PROMPT:
Only the lines below from the one that contains "Questo Toner per" through the one that contains "3月13日下午,一场沙尘天气袭击甘肃武威周边地区,城市的能见度迅速降低。" should appear in your answer, exact and without pictures.

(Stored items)
^^^^^^^^
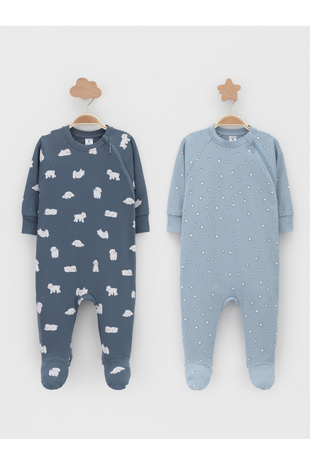 Комбинезоны для новорождённых из мягкого эластичного трикотажа интерлок, произведённого из натурального хлопка. В упаковке 2 штуки. Застёгиваются сбоку на молнию с мягкой защитой шеи и подбородка. Длинные рукава-реглан оканчиваются манжетами. Оригинальная набивка выполнена из стойких гипоаллергенных текстильных красителей. Все трикотажные полотна производятся в соответствии с нормами швейцарского сертификата ЭкоТекс.
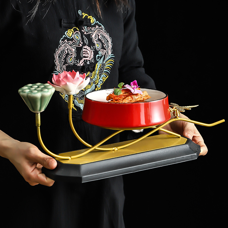ホテルの特色の冷たい料理の陶磁器の食器のアイデアの鉄芸の蓮の花の明段は皿の冷たい料理のレストランの会の新しい中国式を並べます。
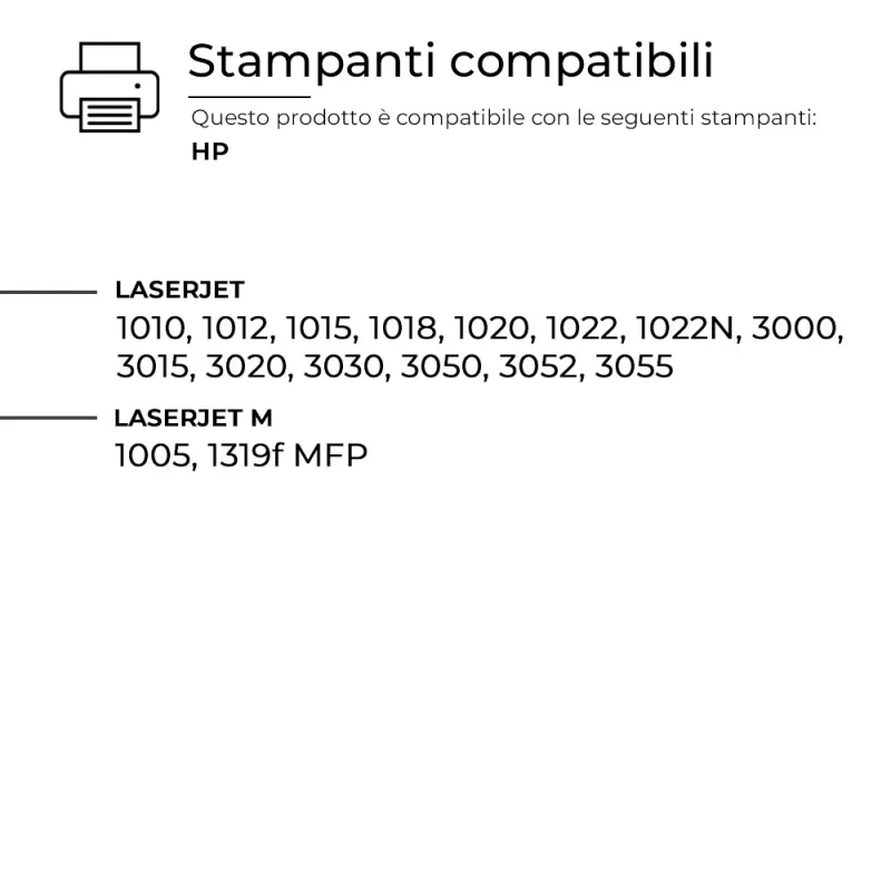 Questo Toner per HP è pienamente compatibile con molteplici modelli di stampanti HP e assicura una resa di stampa elevata e costante, paragonabile a quella dei prodotti originali. Progettato per offrire affidabilità e precisione.
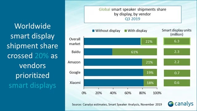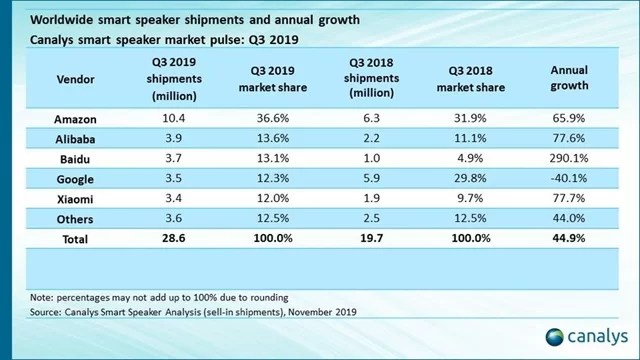 調査会社のCanalysが、2019年Q3のスマートスピーカ市場の調査結果を発表しました。
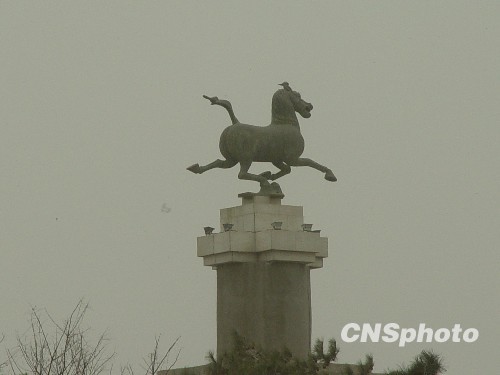 3月13日下午,一场沙尘天气袭击甘肃武威周边地区,城市的能见度迅速降低。
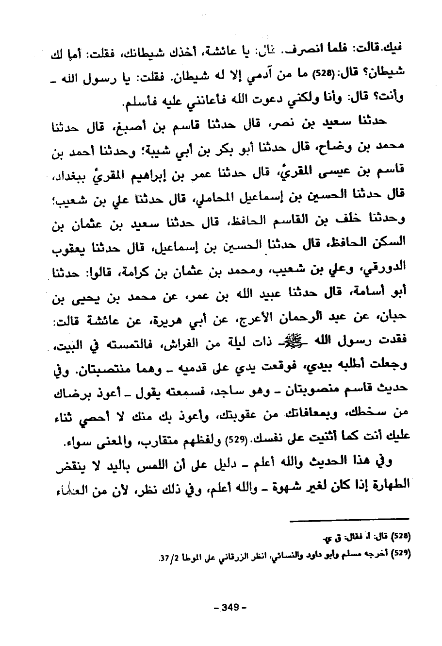 حَدَّثَنَا سَعِيدُ بْنُ نَصْرٍ قَالَ حَدَّثَنَا قَاسِمُ بْنُ أَصْبَغَ قَالَ حَدَّثَنَا مُحَمَّدُ بْنُ وَضَّاحٍ قَالَ حَدَّثَنَا أَبُو بَكْرِ بْنُ أَبِي شَيْبَةَ وَحَدَّثَنَا أَحْمَدُ بن قاسم بن عيسى المقريء قال حدثنا عمر بن إبراهيم المقريء بِبَغْدَادَ قَالَ حَدَّثَنَا الْحُسَيْنُ بْنُ إِسْمَاعِيلَ الْمَحَامِلِيُّ قَالَ حَدَّثَنَا عَلِيُّ بْنُ شُعَيْبٍ وَحَدَّثَنَا خَلَفُ بْنُ الْقَاسِمِ الْحَافِظُ قَالَ حَدَّثَنَا سَعِيدُ بْنُ عُثْمَانَ بْنِ السَّكَنِ الْحَافِظُ قَالَ حَدَّثَنَا الْحُسَيْنُ بْنُ إِسْمَاعِيلَ قَالَ حَدَّثَنَا يَعْقُوبُ الدَّوْرَقِيُّ وَعَلِيُّ بْنُ شُعَيْبٍ وَمُحَمَّدُ بْنُ عُثْمَانَ بْنِ كَرَامَةَ قَالُوا حَدَّثَنَا أَبُو أُسَامَةَ قَالَ حَدَّثَنَا عُبَيْدُ اللَّهِ بْنُ عُمَرَ عَنْ مُحَمَّدِ بْنِ يَحْيَى بْنِ حَبَّانَ عَنْ عَبْدِ الرَّحْمَنِ الْأَعْرَجِ عَنْ أَبِي هُرَيْرَةَ عَنِ عَائِشَةَ قَالَتْ فَقَدْتُ رَسُولُ اللَّهِ صَلَّى اللَّهُ عَلَيْهِ وَسَلَّمَ ذَاتَ لَيْلَةٍ مِنَ الْفِرَاشِ فَالْتَمَسْتُهُ فِي الْبَيْتِ وَجَعَلْتُ أَطْلُبُهُ بِيَدِي فَوَقَعَتْ يَدِي عَلَى قَدَمَيْهِ وَهُمَا مُنْتَصِبَتَانِ
^^^^^^^^
RESPONSE TO THE EXERCISE:
 Questo Toner per HP è pienamente compatibile con molteplici modelli di stampanti HP e assicura una resa di stampa elevata e costante, paragonabile a quella dei prodotti originali. Progettato per offrire affidabilità e precisione.
 調査会社のCanalysが、2019年Q3のスマートスピーカ市場の調査結果を発表しました。
 3月13日下午,一场沙尘天气袭击甘肃武威周边地区,城市的能见度迅速降低。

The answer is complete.